The function reports the threshold values tested and their corresponding corrected coverage value at each iteration. The maximum number of iterations for the bisecting root finding algorithm is an optional parameter, with default value 20. The functions stops when either the number of iterations reaches the maximum, or the corrected coverage is within some accuracy of the desired coverage.

```
## [1] "thr: 0.75 , cov: 0.918448964618699"
## [1] "thr: 0.625 , cov: 0.870505410370508"
## [1] "thr: 0.6875 , cov: 0.893551309455069"
## [1] "thr: 0.71875 , cov: 0.906172863191769"
## [1] "thr: 0.703125 , cov: 0.899644208037482"
## [1] "thr: 0.7109375 , cov: 0.901677186379133"
```

```
## $credset
## [1] "s54" "s58" "s57" "s67"
##
## $req.thr
## [1] 0.7109375
##
## $corr.cov
## [1] 0.9016772
##
## $size
## [1] 0.7343958
```

The first threshold value tested is the midpoint of the `lower`

(0.5) and `upper`

(1) parameter values, which here is 0.75. The coverage of this credible set is too high (\(>0.9\)) and so a smaller threshold value is tested, the midpoint of the `lower`

parameter value (0.5) and the previously tried threshold value (0.75). This credible set has a coverage that is too low, and so a higher threshold value is tested, and so on.

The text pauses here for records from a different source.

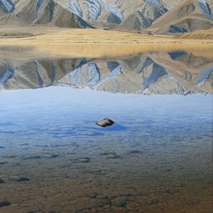 Walking along the shores of Lake Heron on a perfectly calm winter morning, I saw this rounded boulder sitting proud of the shallow water. Usually, the lakes surface is rippled to some degree, reducing the definition of any reflections but on this occasion, I was presented with virtually a mirror image of the mountains.
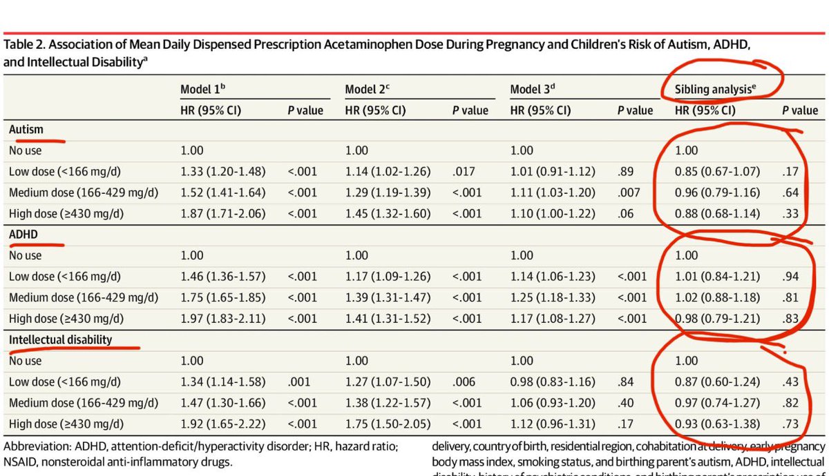 ⚠️TYLENOL & AUTISM—RFK Jr and Trump are wrong—the largest & best study in the world in 2.5 MILLION KIDS—found no increased autism risk with acetaminophen (aka paracetamol, Tylenol) use by the mother during pregnancy. A crude unadjusted analysis found only a preliminary 5% risk, but once you adjust for family by matching using sibling controls (who didn’t get autism), the even tiny 5% risk vaporizes to 0% 📉. (Fun fact: I used to do drug safety epidemiology and have been whistleblower against big pharma when their drugs were dangerous—so I know a few things about drug safety data). Thread 🧵.
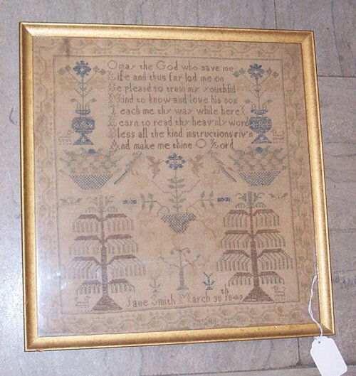 NEEDLEWORK SAMPLER Jane Smith March 30th 1849" A
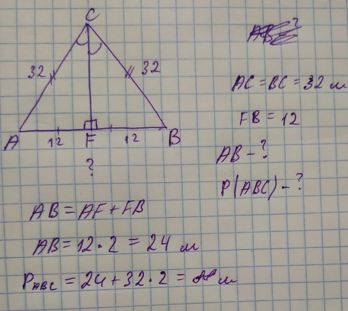Вычисли периметр треугольника ACB и сторону BA, если CF — медиана,
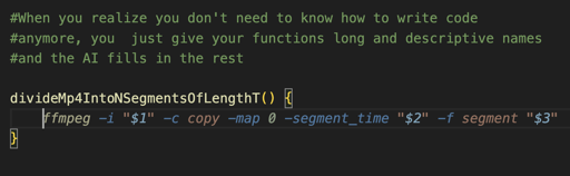 I’m curious if you succeeded with this approach here - have you gotten your LLM to produce a bash function which you can use without needing to understand how to specify an ffmpeg filename pattern yet?
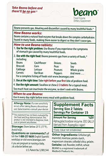 All natural supplement. Not a drug. Helps stop gas before it starts! Stops gas, bloating and discomfort from: beans, broccoli, cabbage, onions, peppers, soy products, whole grains, cereals, seeds and more. These statements have not been evaluated by the FDA.
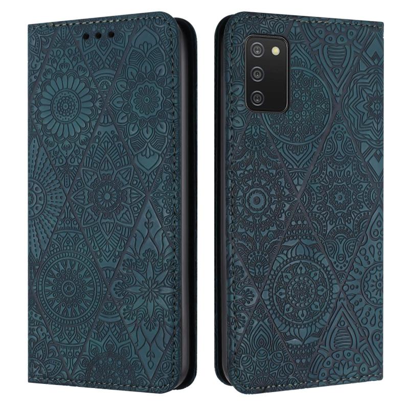 Θήκη τηλεφώνου Samsung Galaxy A02s 166mm Εθνικά ανάγλυφη, απορροφητική, δερμάτινη (Μπλε)
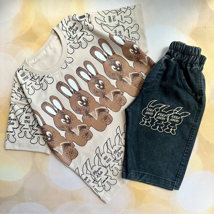 ست تیشرت و شلوارک جین اسپرت بچگانه
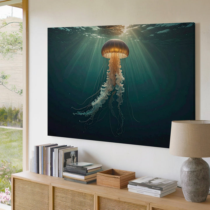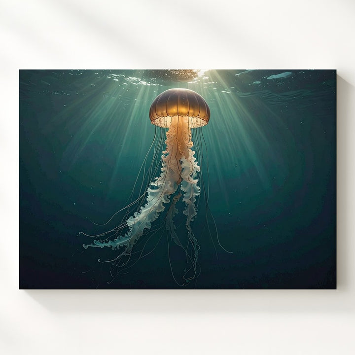 Golden Drift Jellyfish Canvas – Solitary Glow in Ocean Depth
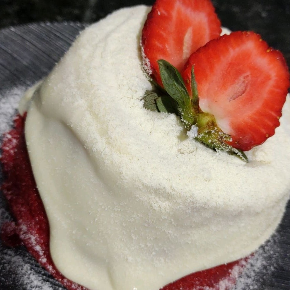 Bolo Mini vulcão caseirinho, massa redvelvet fofinha, coberto com recheio de ninho, ninho polvilhado. Uma explosão de sabor! Obs: Tamanho 12cm, Serve 1 Pessoa!

In this example we see that a much smaller threshold value is required to obtain a credible set with 90% corrected coverage of the causal variant, containing only 4 variants. In the standard Bayesian approach, the threshold value of 90% leads to over-coverage.

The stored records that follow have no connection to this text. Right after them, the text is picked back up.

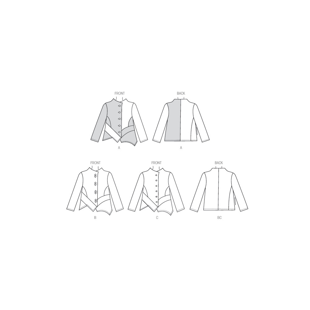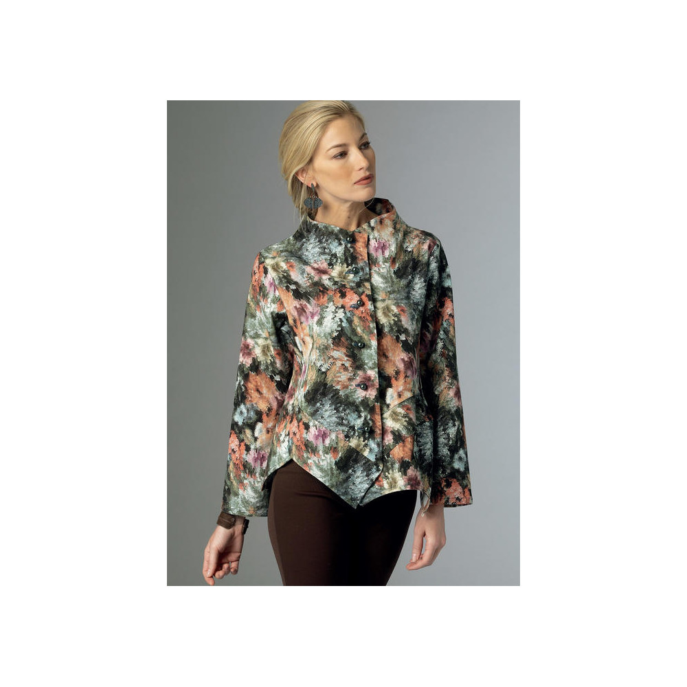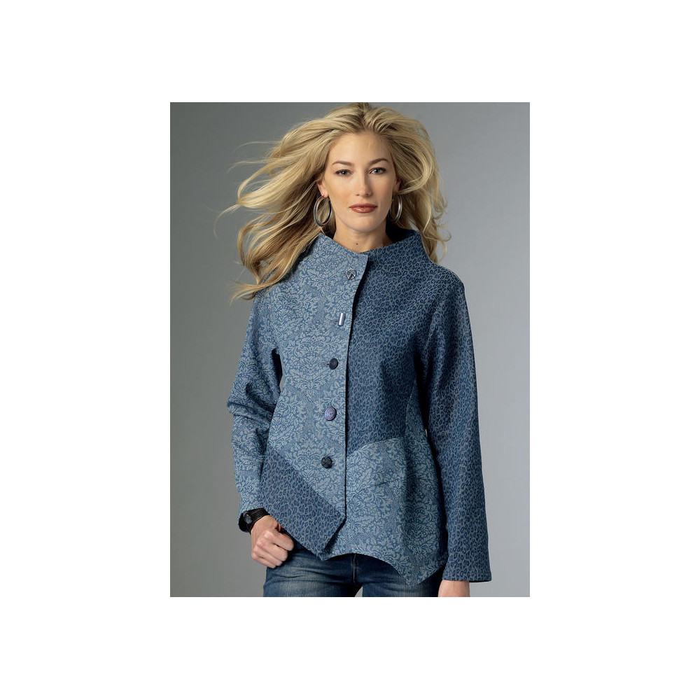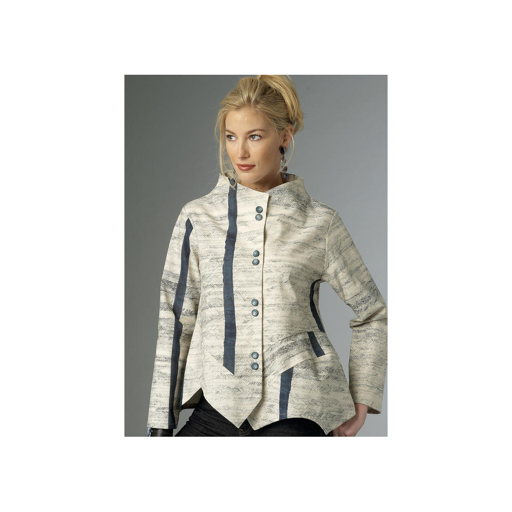 Střih Butterick na zajímavé asymetricky řešené volné sako se stojáčkem
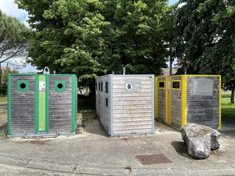 Bornes de tri pour les papiers, le verre, le non recyclable, les emballage et composteurs partagés pour vos déchets.
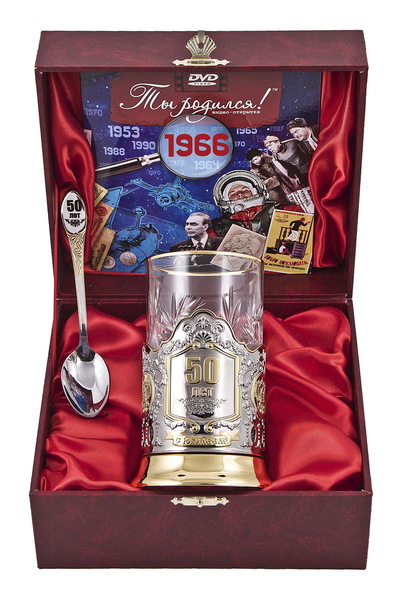 Набор для чая "50 лет" в золоте (3 пр.) дерев. футляр, хруст. стакан, штамп, ложка нерж.зол.грав.,Видеооткрытка
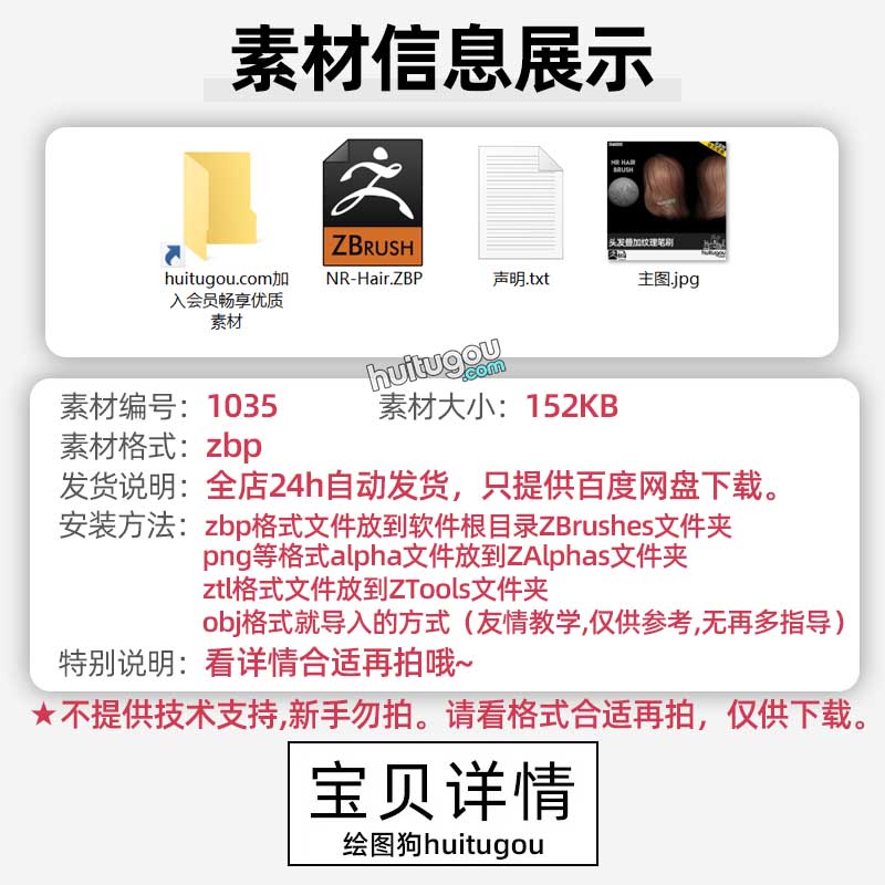 ZBrush毛发长发皮毛纹理zbp笔刷ZB雕刻卡通风格头发叠加纹理画笔

Finally, we can compare this coverage estimate of the corrected credible set to an empirical estimate of the true coverage.

```
new.cs.sims <- apply(pps, 1, function(x) credset(x, CV = iCV, thr = res$req.thr)$cov)
true.cov.est2 <- mean(new.cs.sims)
```

Original 90% credible set:

```
df1 <- data.frame(claimed.cov = round(cs$claimed.cov, 3), corr.cov = round(corrcov, 3), true.cov = round(true.cov.est, 3), nvar = cs$nvar)
print(df1, row.names = FALSE)
```

```
## claimed.cov corr.cov true.cov nvar
## 0.931 0.967 0.97 9
```

New 90% credible set:

```
df2 <- data.frame(claimed.cov = round(res$size, 3), corr.cov = round(res$corr.cov, 3), true.cov = round(true.cov.est2, 3), nvar = length(res$credset))
print(df2, row.names = FALSE)
```

```
## claimed.cov corr.cov true.cov nvar
## 0.734 0.902 0.9 4
```

This vignette has shown how the `corrcoverage`

R package can be used to improve the resolution of a credible set from Bayesian genetic fine-mapping, without the use of any additional data.